From Fortune: “…the American middle class isn't really shrinking, so much as it is anxious. The median household income for workers aged 25 to 60 is nearly $62,000. If both spouses work, it's close to $82,000…There's not a lot of security in a fast-paced global economy where workers get ahead by chasing opportunities (not obediently following office rules), by constantly reinventing their careers (not relying on seniority), by self-investing their savings (not counting on company pensions). In other words, in the new economy, we all have to be entrepreneurs with our own lives - with all the rewards and risks and, yes, anxieties that entails. … middle-aged men are staying at the same job nearly half as long as they were just 20 years ago, and more than 60 percent of workers report they've actually had to switch the type of work they are doing.”

From JP Morgan: “The minutes to the June 28 FOMC meeting reveal a committee that is more comfortable about growth, not terribly anxious about inflation, and unlikely to do anything anytime soon.”

From Bank of America: “The pace of business activity in the Philadelphia area moderated somewhat in July. After posting its highest reading since April 2005, the index fell 8.8 percentage points in July to 9.2. While the new orders index, a key component for future business activity, posted a decline in July, the shipments index registered a solid increase. Also noteworthy in today’s report was the increase in optimism about future business activity.”
From Bloomberg: “The index of leading U.S. economic indicators fell more than forecast last month, pulled down by a drop in building permits and an increase in jobless claims. The Conference Board's gauge declined 0.3 percent after increasing a revised 0.2 percent in May, the New York-based research group said today. The index points to the direction of the economy over the next three to six months.”
From JP Morgan: “Japan’s department store sales boomed in June.”

From Dow Jones: “Federal Reserve Bank of Chicago President Michael Moskow said … he wants a key inflation measure, the core personal consumption expenditures price index, rising between 1% to 2% compared with year-ago levels… “on a sustained basis” to determine inflation trends were in the right range.
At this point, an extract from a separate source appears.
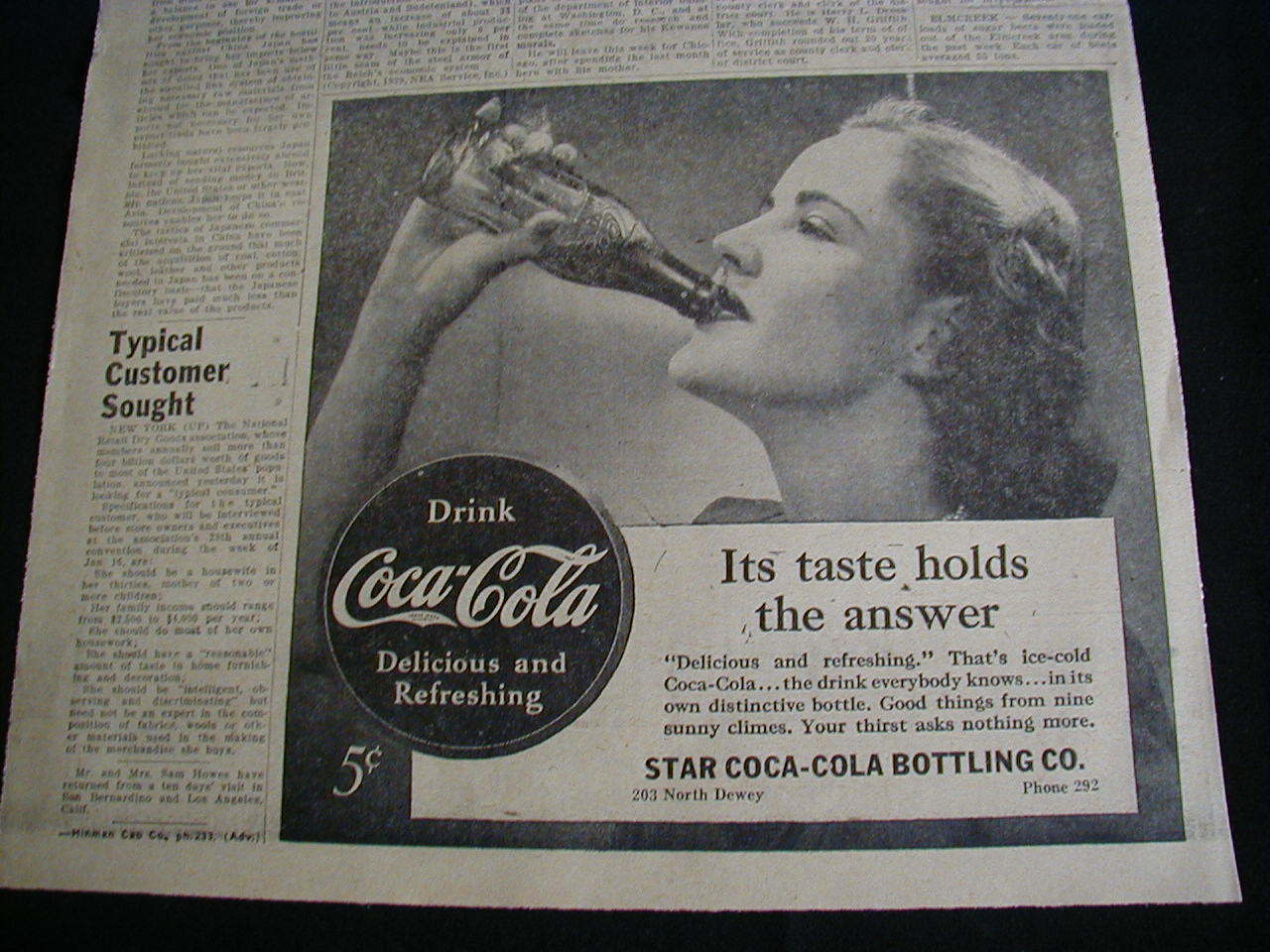 vintage 1939 newspaper ad coca cola star bottling nebraska Nice & clean
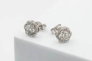 These refined 9ct white gold stud earrings are pavé set with 0.58ct of natural round brilliant cut diamonds, graded H colour with SI2 clarity for lively sparkle and visual depth.

In May the core PCE price index dipped to a 1.9% annual advance, but the Fed, at its most recent policy meeting, said an improvement in inflation had yet to be “convincingly demonstrated.””

From Dow Jones: “Highly-rated doesn’t necessarily mean safe anymore. If the last week has shown investors anything, it’s that securities - whether they be mortgage bonds or the more opaque collateralized debt obligations - that carry the stellar AAA stamp are not immune to the subprime woes roiling financial markets.”
End-of-Day Market Update
Treasuries remained relatively range-bound with yields closing close to unchanged across the curve. But, the 2/10 curve flattened by a basis point as 30 year rates fell half a bp and two year yields rose just under a bp.
Equities recovered around the world, with the Dow rallying 82 points to close at another record high closing level of exactly 14,000. The S&P rose 7 to settle at 1553 (2pts below recent closing high), and Nasdaq rose 20.5 to close at a high for the year of 2720.
The dollar traded within a narrower range than yesterday, and is settling close to unchanged.
Oil is continuing to surge to new highs, rallying another 87 cents today to close just shy of $76 based on the NY WTI futures. The high for this contract was $80.76 in July 2006.